Florida legislators reject attempt to clarify state’s regulation of slot machines

TALLAHASSEE -- State gambling regulators are in a bind.

They have indirectly authorized the expansion of gambling in the past six months as lawyers for parimutuels found holes in state laws and opened the door to slot machines at parimutuels across the state and table-game look-alikes at existing racinos.

Now state regulators worry that Florida’s porous gambling laws also might come with a cost: the loss of the $233 million annual check from the Seminole Tribe of Florida under its gambling compact with the state.

Tuesday, lawyers for the Florida Department of Business and Professional Regulation asked the Legislature for help in closing one of the loopholes that, they fear, threatens the compact with the tribe.

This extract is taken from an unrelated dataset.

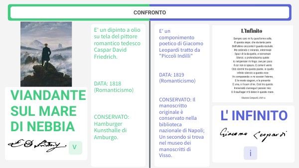 Entrambe le opere esprimono il concetto del sublime; mentre nella prima il viandante vuole scoprire cosa c'è oltre la nebbia , nella seconda l'uomo vuole scoprire cosa si nasconde oltre la siepe.

They were turned away.

The Senate Regulated Industries Committee voted 7-3 to kill a bill that would have given the department the authority to decide what constitutes a slot machine and would have specifically excluded copy-cat games intended to simulate roulette wheels, craps tables, blackjack and other table games at the state’s parimutuels.

After the department imposed new rules on slot machines, a state hearing officer said the department did not have the authority to issue the rule.

The bill, by Sen. Thad Altman, R-Viera, attempted to give the department the authority to issue the rule and target new games that come in “under the ruse of being defined as a slot machine,” Altman said.

“We don’t believe the Legislature ever authorized them,’’ said Tim Nugesser, the department’s lobbyist. “We believe they violate the compact.’’

A legal opinion by the tribe’s lawyers says that a Senate proposal to regulate the slot machine look-alikes will violate the compact, but the tribe is not ready to withhold its checks, said Barry Richard, one of the lawyers. If the tribe stops payment, it would also lose its monopoly right to exclusive operation of its games.

But, Richard added, the tribe believes that at Internet cafes around the state, “these are slot machines.’’

“They are proliferating at a rapid rate.” Richard said. “They are competing with the tribe, and they are illegal.”

Under the 2010 compact signed by the state and the Seminoles, the tribe has the exclusive right to operate slot machines outside of Miami-Dade and Broward counties or it can withhold payments to the state.

But the committee agreed with lawyers for the company that makes the games that they operate like slot machines, even though they look like Las Vegas table games.

Meanwhile, with the House and Senate at odds over how to handle the Internet cafes, and the tribe choosing not to challenge the existing law, few expect much to change this session.